WHAT YOU NEED TO DO -
Print the lines below from the line with "Marrom – D28 Soft" to the line with "1桁の掛け算(0あり) [解答]051/400" exactly, keeping both ends, and print no pictures.
:: SUPPLIED ENTRIES ::
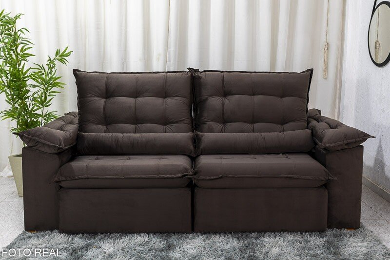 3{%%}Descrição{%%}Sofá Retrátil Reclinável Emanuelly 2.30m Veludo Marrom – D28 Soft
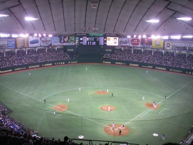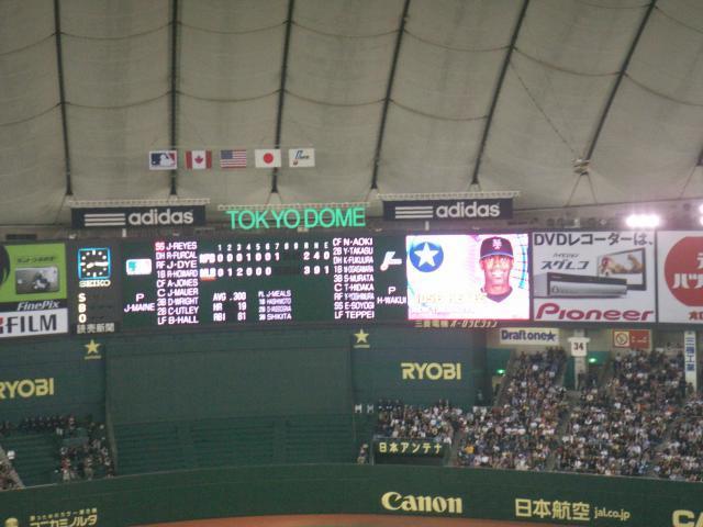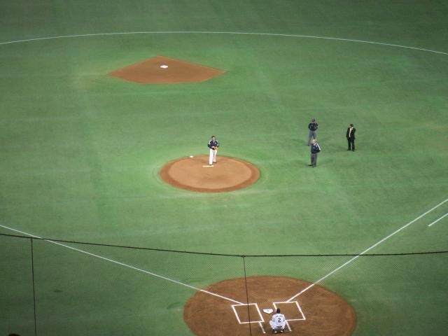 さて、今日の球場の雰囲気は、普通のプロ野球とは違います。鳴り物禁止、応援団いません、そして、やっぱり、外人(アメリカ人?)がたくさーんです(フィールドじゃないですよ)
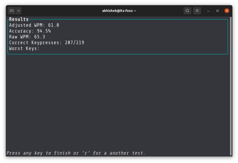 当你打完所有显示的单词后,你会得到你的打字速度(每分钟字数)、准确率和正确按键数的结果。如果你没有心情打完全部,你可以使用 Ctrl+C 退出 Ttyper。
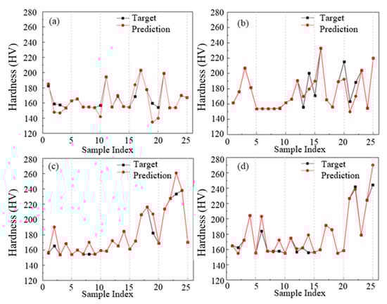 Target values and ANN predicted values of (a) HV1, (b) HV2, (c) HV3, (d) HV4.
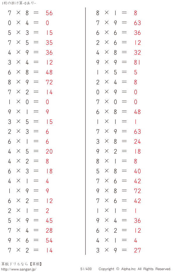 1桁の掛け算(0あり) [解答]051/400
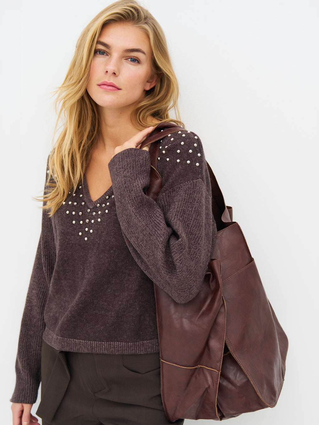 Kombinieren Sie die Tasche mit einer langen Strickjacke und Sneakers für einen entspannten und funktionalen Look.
:::
:: SUPPLIED ENTRIES ::
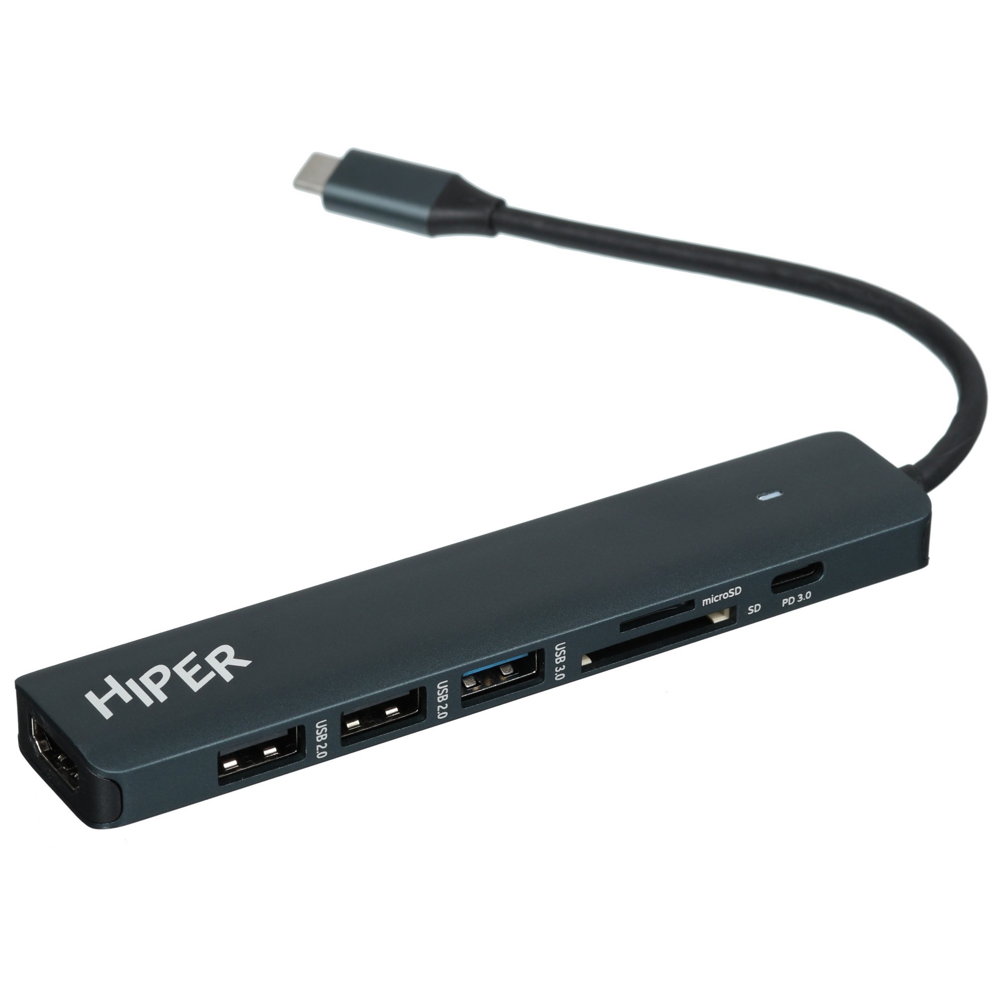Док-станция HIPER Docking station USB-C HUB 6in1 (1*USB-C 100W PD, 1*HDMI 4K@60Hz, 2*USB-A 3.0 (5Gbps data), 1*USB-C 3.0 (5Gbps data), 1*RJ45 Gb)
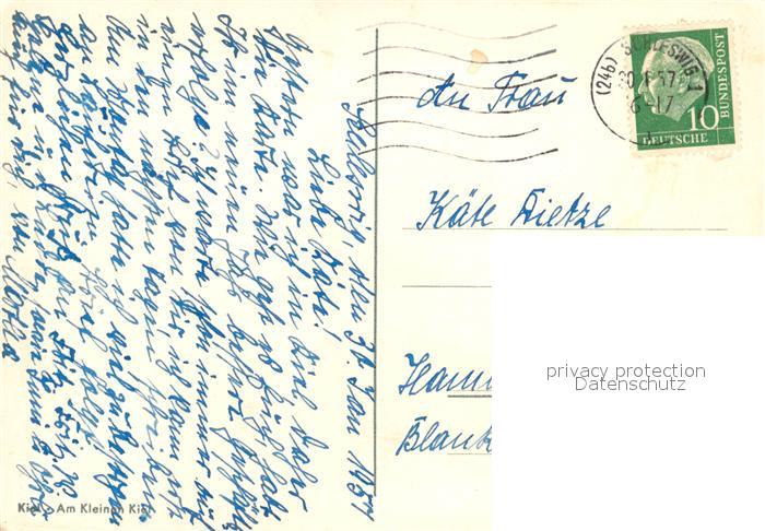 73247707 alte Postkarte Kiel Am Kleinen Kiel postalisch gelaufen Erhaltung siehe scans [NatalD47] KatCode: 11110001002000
:::
:: SUPPLIED ENTRIES ::
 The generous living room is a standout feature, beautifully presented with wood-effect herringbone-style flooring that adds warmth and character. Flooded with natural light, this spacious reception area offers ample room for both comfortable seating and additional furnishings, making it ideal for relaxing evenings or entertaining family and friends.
:::
ANSWER FOR THIS EXERCISE -
 3{%%}Descrição{%%}Sofá Retrátil Reclinável Emanuelly 2.30m Veludo Marrom – D28 Soft
 さて、今日の球場の雰囲気は、普通のプロ野球とは違います。鳴り物禁止、応援団いません、そして、やっぱり、外人(アメリカ人?)がたくさーんです(フィールドじゃないですよ)
 当你打完所有显示的单词后,你会得到你的打字速度(每分钟字数)、准确率和正确按键数的结果。如果你没有心情打完全部,你可以使用 Ctrl+C 退出 Ttyper。
 Target values and ANN predicted values of (a) HV1, (b) HV2, (c) HV3, (d) HV4.
 1桁の掛け算(0あり) [解答]051/400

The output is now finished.